*TRY IT*. From the records below, please print only the lines from the one containing "전남도와 전남도청공무원노동조합은 연말을" through the one containing "あとから助けに入る人(手前の", both included. Skip the pictures.

• • • • •

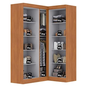 Esta modulação conta com um Canto Paris 2 portas e um Paris 2 portas, ambos com amplo espaço interno, muito bem distribuído com prateleiras para melhor aproveitamento, cabideiros em madeira e uma estrutura versátil que acomoda roupas longas.
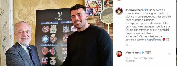 «Non vedo l’ora. Piazza fantastica, tifo straordinario, un top club. Arriverò per restare. Mi ricordo quando il mio manager Giuseppe Riso mi ha chiamato, mancava poco all’allenamento: ho ancora lo screenshot di lui mentre mi dà la notizia. Gattuso? Lo conobbi a Milanello, mi piace come allena e caratterialmente. Mi avrebbe preso anche a gennaio ma ho scelto di restare alla Spal: mi ha dato tanto e la devo ringraziare. E salvare».
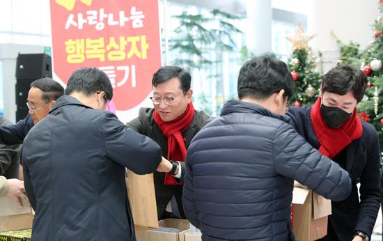 전남도와 전남도청공무원노동조합은 연말을 맞아 26일 도청 윤선도홀에서 사랑나눔 행복상자 만들기 행사를 개최했다.
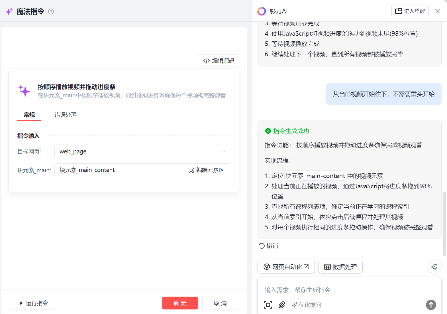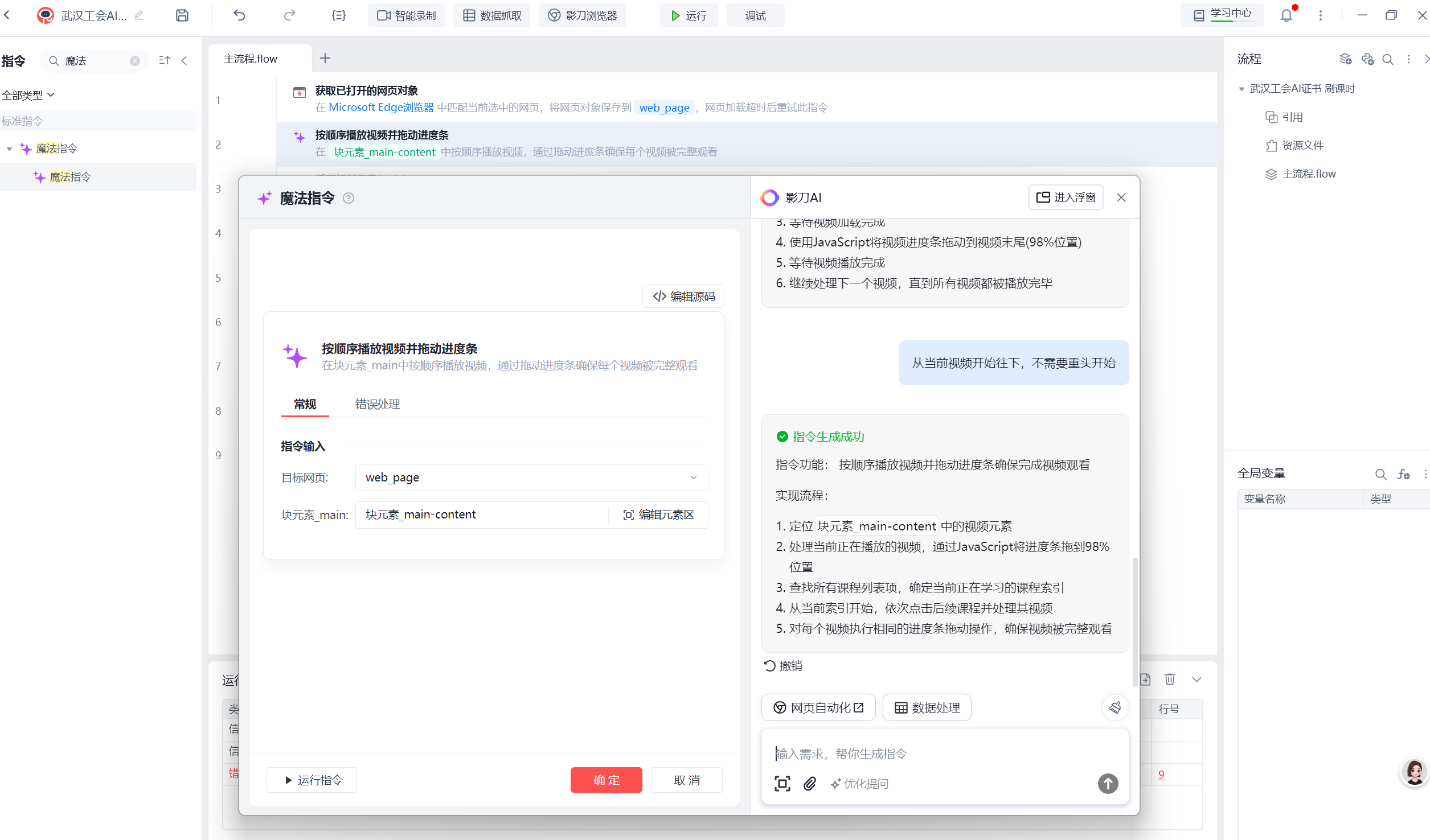 你好,我是邪修闪电RPA!今天带来一款全新设计的魔法指令,让你在自动化脚本中轻松控制视频播放进度条,顺序播放视频并确保每个视频都完整观看。
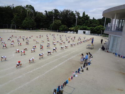 あとから助けに入る人(手前の人たち)は校庭を走ってから綱のところにかけつけています。
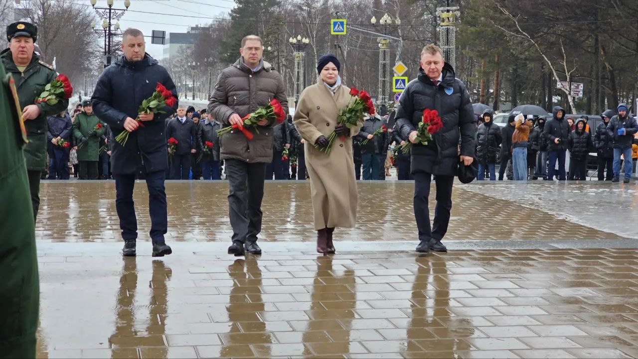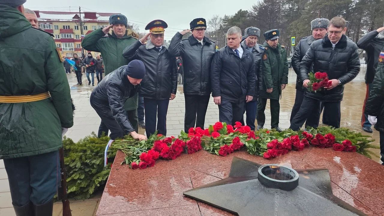 В День защитника Отечества состоялась церемония возложения цветов к мемориалам. На Площади Славы в Южно-Сахалинске в церемонии приняли участие председатель областной Думы Елена Касьянова, депутаты Алексей Плотников, Александр Болотников, Александр Понажев.

• • • • •

*RESULT*.
 전남도와 전남도청공무원노동조합은 연말을 맞아 26일 도청 윤선도홀에서 사랑나눔 행복상자 만들기 행사를 개최했다.
 你好,我是邪修闪电RPA!今天带来一款全新设计的魔法指令,让你在自动化脚本中轻松控制视频播放进度条,顺序播放视频并确保每个视频都完整观看。
 あとから助けに入る人(手前の人たち)は校庭を走ってから綱のところにかけつけています。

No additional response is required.